I’m holding the NEW YORK TIMES (Thursday, Sept. 24, 2009, p. A18). The page features a picture of Grady Memorial Hospital and three pictures (large ones): two women and a man who will die very soon without Dialysis Clinic treatment. The Grady corporate, privatized board of their safety-net charity hospital has voted to pull the plug on 92 kidney patients. The “illegal immigrant” 32 year old mother of the 5 year old in another blog told attorney Lindsey Jones today (Sept. 29) that she has given up. She will go home to die in Honduras.
My blue-haired Presbyterian cousins read my blog. They were more than a little upset with my questioning the Grady corporate board’s decision to let people die. They did not believe my report. In fact my not too blue stocking language ruffled their country club feathers. You read the unsavory adjective modifying Atlanta leadership. I apologize for those bad words.

Now that my cousins have read the similar report in the NEW YORK TIMES, I have credibility. Please go to newyorktimes.com Grady Hospital. Read and weep.

Today, September 10, 2009, The Grady Coalition held a press conference on the steps of Fulton County’s Grady Hospital. Dr.

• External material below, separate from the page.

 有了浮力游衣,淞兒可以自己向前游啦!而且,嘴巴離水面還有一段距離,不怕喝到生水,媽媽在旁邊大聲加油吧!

Neil Shulman, other physicians, nurses and three kidney patients spoke passionately to 100 people. The press conference was called in order to beg the new privatized Board of Directors of the hospital to continue dialysis treatment for 90 patients. The Board announced several months ago its decision to close the Dialysis Clinic. No other hospital in Atlanta offers this treatment to indegent patients.

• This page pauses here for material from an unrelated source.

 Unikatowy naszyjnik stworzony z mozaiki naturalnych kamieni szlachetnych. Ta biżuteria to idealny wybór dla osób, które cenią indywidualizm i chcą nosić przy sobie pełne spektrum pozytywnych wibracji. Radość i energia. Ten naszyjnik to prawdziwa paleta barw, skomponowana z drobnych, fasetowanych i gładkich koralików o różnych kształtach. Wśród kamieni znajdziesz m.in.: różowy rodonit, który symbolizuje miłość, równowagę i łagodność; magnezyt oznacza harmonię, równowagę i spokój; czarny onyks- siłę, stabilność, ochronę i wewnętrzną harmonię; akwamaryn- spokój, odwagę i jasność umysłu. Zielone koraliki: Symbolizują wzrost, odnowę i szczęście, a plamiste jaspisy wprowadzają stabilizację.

Anyone over 12 and awake in Atlanta knows that our City has not been “poor friendly” for the last dozen years. In fact, Atlanta’s leadership has labored to exterminate the homeless population since the Campbell Administration. The Atlanta Housing Authority headed by Renee Glover is yet another exterminator of housing for the under belly of Atlanta’s populace. AHA like housing authorities across America is no longer an organization that welcomes the poorest of the poor. And the “low lifes” that Glover’s regime has put on the streets are not considered worthy of the upgraded housing of the Atlanta Housing Authority. Thirteen housing communities under the umbrella of AHA have been leveled within the last 36 months.

But Grady Hospital! The last bastion of medical care for the poor! The latest victims of the War Against the Poor are not homeless people. It is understandable that Atlanta, the city too busy to hate, would do away with homeless people and the lower than low income renters. Those folks are unsightly. They are not pretty. There’s no place for them in Horace Sibley’s Tourists’ Triangle or Central Atlanta’s Sanitized Zone. The homeless folks from Peachtree-Pine smell bad. Ratchet Rob Hunter has seen to that as he has lived up to his name, Ratchet Rob “I’ll turn your water off” Hunter.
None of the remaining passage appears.